(Data extract begins)

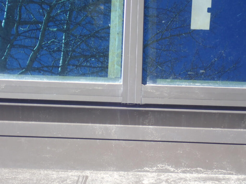 As a result when vinyl window frames are placed in a sloped application without proper exterior aluminum flashing, and without direct point loading application, the glass panels will sag and the seals will fail over time causing moisture between the insulated glass panels and interior leaks. This is evident by the numerous traces of water leaks on the interior wood trim.
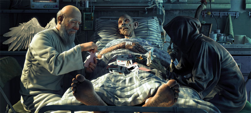一個(gè)將死之人,在彌留之際,發(fā)現(xiàn)身邊坐著兩個(gè)人,魔鬼和天使。他們?cè)诖策呁媾疲⒁耘凭终撦斱A,賭這個(gè)人的靈魂是飛到天堂,還是下到地獄。他緊張地看著牌局,不知道自己的命運(yùn)會(huì)怎樣。
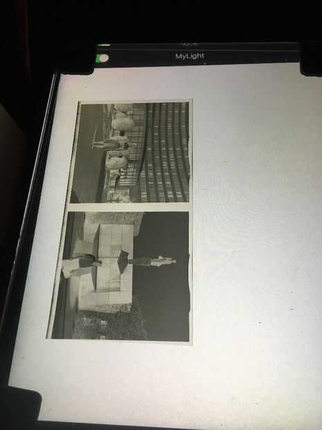 La idea era utilizar la luz incluso proporcionada por tablet de mi mujer para el desarrollo de los negativos. Primero intentaron sólo tiene que colocar los negativos en la parte superior del tablet. Funcionó bastante bien pero cuando usted magnifica las imágenes se podían ver los píxeles del sangrado a través de la tableta. Necesitaba difundir la luz sin reducir demasiado.
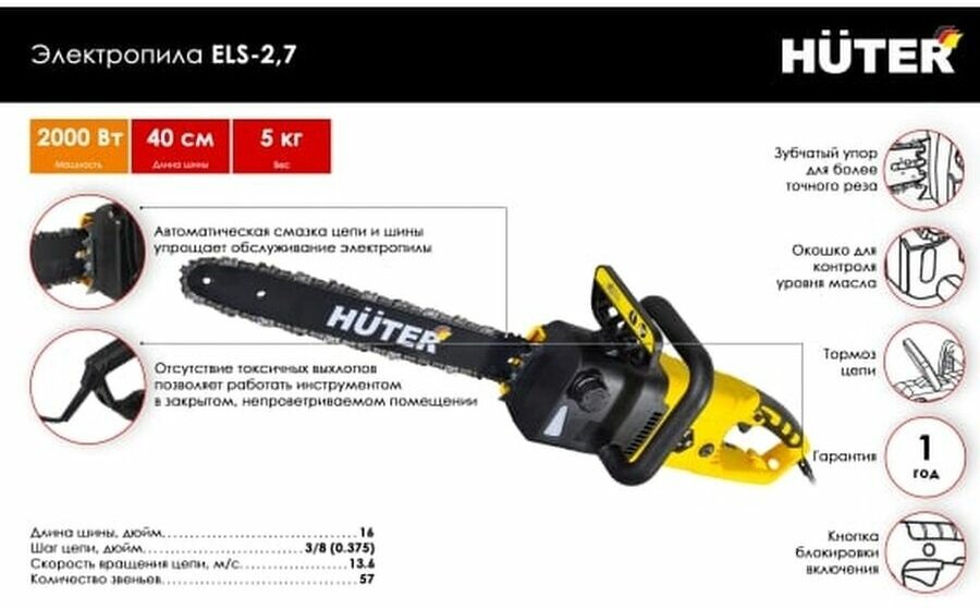 Электропила Huter ELS-2,7, 2000 Вт интересное:
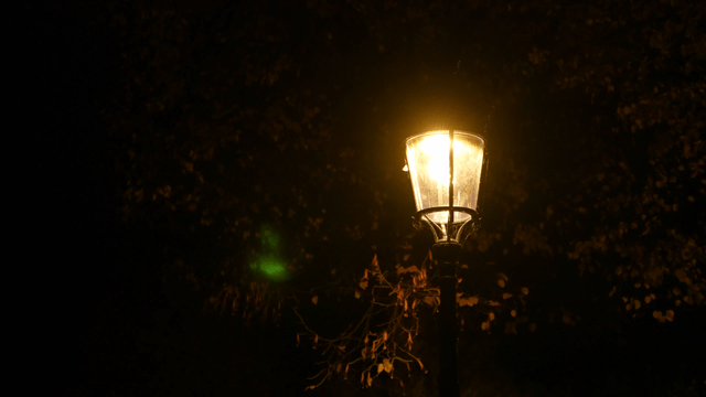 Bright streetlight illuminating autumn leaves at night

(Data extract ends)

Exercise prompt:
Without any of the pictures, set the entries down again exactly as written.

Reply:
 As a result when vinyl window frames are placed in a sloped application without proper exterior aluminum flashing, and without direct point loading application, the glass panels will sag and the seals will fail over time causing moisture between the insulated glass panels and interior leaks. This is evident by the numerous traces of water leaks on the interior wood trim.
一個(gè)將死之人,在彌留之際,發(fā)現(xiàn)身邊坐著兩個(gè)人,魔鬼和天使。他們?cè)诖策呁媾疲⒁耘凭终撦斱A,賭這個(gè)人的靈魂是飛到天堂,還是下到地獄。他緊張地看著牌局,不知道自己的命運(yùn)會(huì)怎樣。
 La idea era utilizar la luz incluso proporcionada por tablet de mi mujer para el desarrollo de los negativos. Primero intentaron sólo tiene que colocar los negativos en la parte superior del tablet. Funcionó bastante bien pero cuando usted magnifica las imágenes se podían ver los píxeles del sangrado a través de la tableta. Necesitaba difundir la luz sin reducir demasiado.
 Электропила Huter ELS-2,7, 2000 Вт интересное:
 Bright streetlight illuminating autumn leaves at night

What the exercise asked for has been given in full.